◆ Problem description: Wherever a picture appears, leave it out; set down everything else in the records exactly.

Data supplied section start

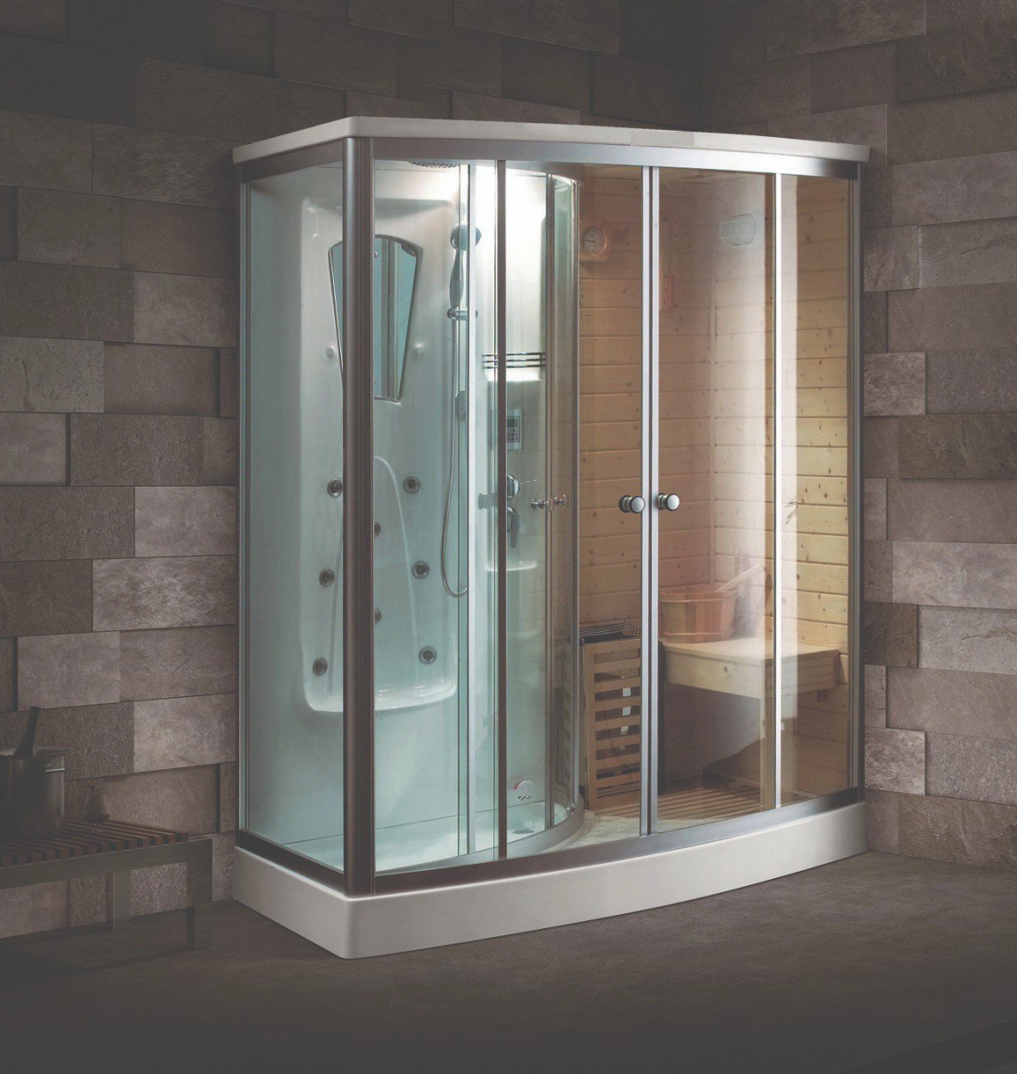 - Tích hợp phòng xông hơi khô bằng gỗ chuyên dụng và phòng xông hơi ướt vừa có thể xông hơi, tắm và massage. Nhờ đó, làm gia tăng trải nghiệm của người sử dụng.
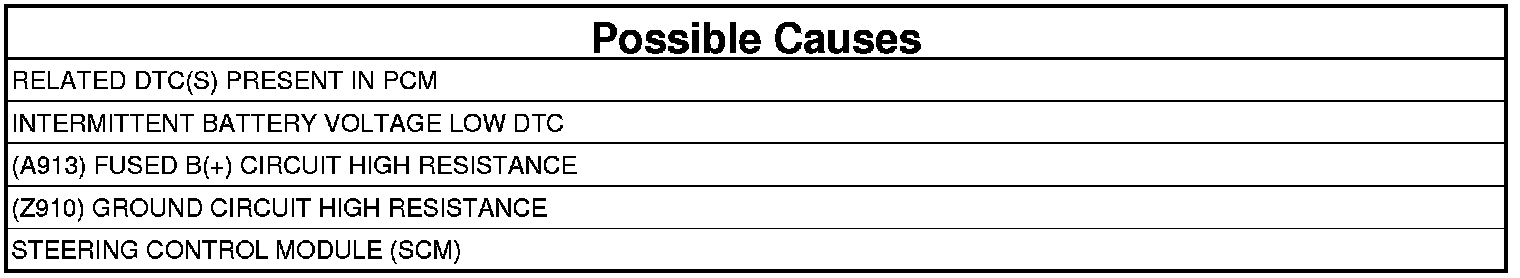 If the voltage to the Steering Control Module (SCM) is below 8.5 volts for more than one minute.
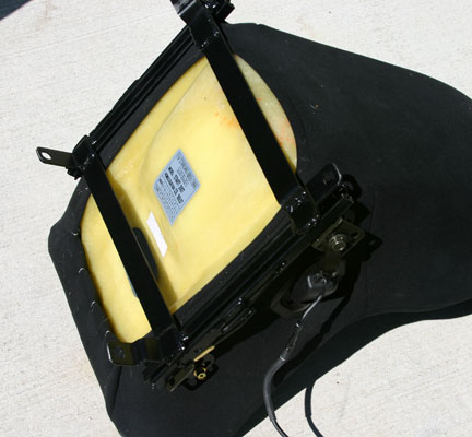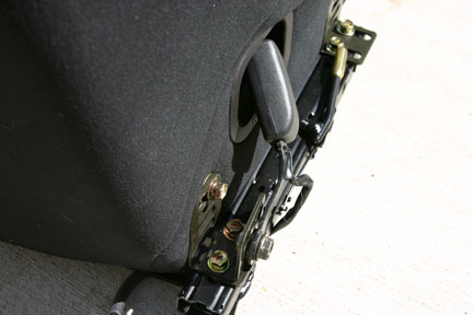 2) If you look back at the original pictures, the seat mounting frame was a 4-sided piece. I ended up cutting the cross-members out, which allowed the seat to move down about another 1/2". The picture of the seat upside down shows the modified bracket.
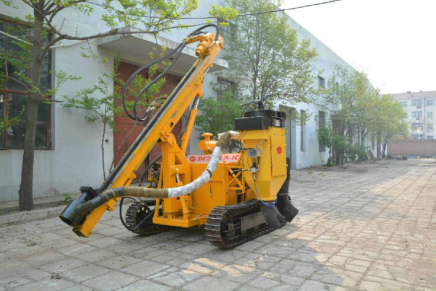 該係列履帶式潛孔鑽機主要用(yòng)於露天礦山及石方工程鑽鑿下向傾斜爆破孔作業。該(gāi)鑽機采用(yòng)內燃機(或電動機)油泵(bèng)組為動力(lì),液壓馬達行走、回轉,液壓馬達(dá)鏈條(tiáo)推進及(jí)提升,油缸擺角定位,傳動結構簡單,易損件少,耗氣量低。
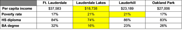 Lauderdale Lakes was identified as the area with the highest need within the entire county base on the preselected variables.

Data supplied section end

◆ Solved exercise:
 - Tích hợp phòng xông hơi khô bằng gỗ chuyên dụng và phòng xông hơi ướt vừa có thể xông hơi, tắm và massage. Nhờ đó, làm gia tăng trải nghiệm của người sử dụng.
 If the voltage to the Steering Control Module (SCM) is below 8.5 volts for more than one minute.
 2) If you look back at the original pictures, the seat mounting frame was a 4-sided piece. I ended up cutting the cross-members out, which allowed the seat to move down about another 1/2". The picture of the seat upside down shows the modified bracket.
 該係列履帶式潛孔鑽機主要用(yòng)於露天礦山及石方工程鑽鑿下向傾斜爆破孔作業。該(gāi)鑽機采用(yòng)內燃機(或電動機)油泵(bèng)組為動力(lì),液壓馬達行走、回轉,液壓馬達(dá)鏈條(tiáo)推進及(jí)提升,油缸擺角定位,傳動結構簡單,易損件少,耗氣量低。
 Lauderdale Lakes was identified as the area with the highest need within the entire county base on the preselected variables.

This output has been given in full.